There were long, shapeless winter jackets that reached the knees as well as a chunky geometric, leather trench that refrained from any emphasis of curves. At one point, Philo transitioned from the "engulfing, black shapeless look" to showcase a simple long sleeve and empire skirt set made of lace, accented by a pair of black, leather equestrian style boots. Towards the end of the collection, Philo utilized the androgynous, blank feel of the 90's. Model Natasha Poly wore a look white, long sleeve button down with oversized pockets paired with a long leather skirt and boots. Normally, the white shirt that was fastened extremely low would have romanticized her décolletage but instead emphasized Poly's chest bones that once again alluded to Philo's sexless and bare theme.

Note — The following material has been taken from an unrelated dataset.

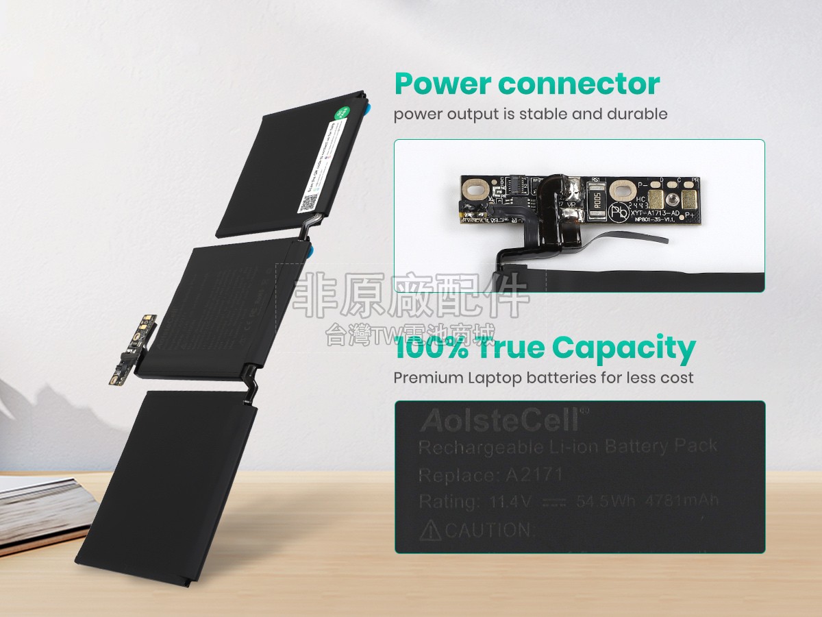 台灣TW電池商城售賣的所有電池均為100%真實容量,我們絕不會在參數上造假。對於製造商提供的每一款電池,我們都會安排技術人員進行參數測試,以確保我們售賣的電池都符合各種認證的要求、100%安全和100%兼容對應的筆記型電腦。極少數情況下,電池參數表上的容量會比電池實物圖上的容量低,這是因為我們檢測時發現製造商給出的電池容量偏高,與電池實際容量不符。於是我們會把電池的實際容量準確地填寫在參數表上,讓顧客直接看到電池的真實容量!這款Apple MYDA2LL/A*電池和原廠有什麼區別?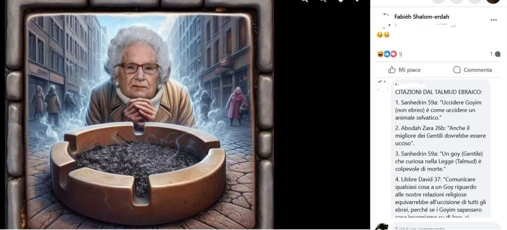 Utente Facebook che fa attivismo antisemita e che per rendere più velenose ed irridenti le sue invettive on line usa come alias la foto di un ebreo religioso ed il nome Shalom-erdah, pubblica un post che mostra la senatrice Liliana Segre intenta ad adorare delle ceneri (sic!), il meme è accompagnato da false citazioni talmudiche e da emojy sghignazzanti.

Since Philo left Chloe and took a four-year hiatus from designing, her new devout partnership with Celine seems refreshing. Her canonical talent was evident in this collection, drawing appreciation to the appeal of minimalism without the boredom. Although Philo's second collection for Celine is a far cry from her very revered affair with girlish frills and buoyantly seamed skirts at Chloe, her bare and emotionless yet sophisticated collection at Celine is symbolic of a fresh slate for Philo.